Segment Start: EXERCISE INPUTS
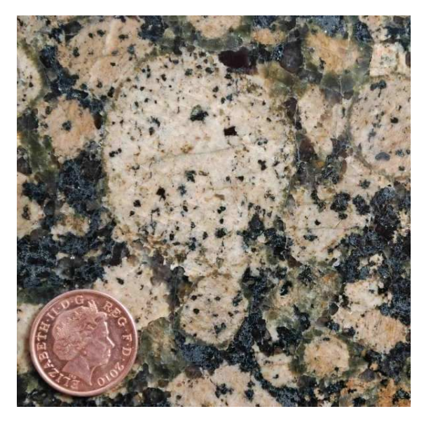
'Baltic Brown' Granite, Finland
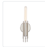
WV335409PN Polished Nickel
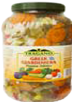
Tragano Greek Giardiniera 500g, 2kg, 3.9kg
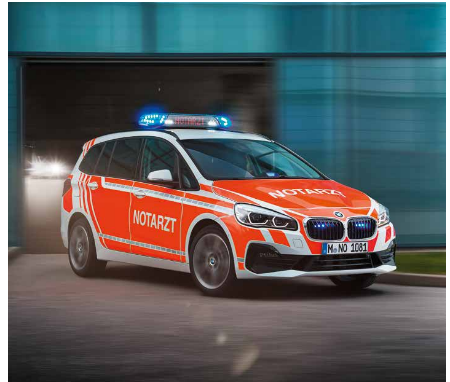
Image shows vehicle homologated and approved for the German market and may contain equipment features only available in this market. Please contact your BMW partner to find out which vehicles and equipment features are available to you.

Large doors and a high roof line facilitate easy entry into the BMW 2 Series Gran Tourer. In addition, the vehicle also offers maximum storage space with maximum flexibility. The luggage compartment of the BMW 2 Series Gran Tourer has a volume of up to 1905 litres and its floor can bear loads of up to 420 kg.
Segment End: EXERCISE INPUTS
## TASK OBJECTIVE:
Output the records exactly, and let none of their pictures appear in the copy.

## EXPECTED OUTPUT:
'Baltic Brown' Granite, Finland
WV335409PN Polished Nickel
Tragano Greek Giardiniera 500g, 2kg, 3.9kg
Image shows vehicle homologated and approved for the German market and may contain equipment features only available in this market. Please contact your BMW partner to find out which vehicles and equipment features are available to you.

Large doors and a high roof line facilitate easy entry into the BMW 2 Series Gran Tourer. In addition, the vehicle also offers maximum storage space with maximum flexibility. The luggage compartment of the BMW 2 Series Gran Tourer has a volume of up to 1905 litres and its floor can bear loads of up to 420 kg.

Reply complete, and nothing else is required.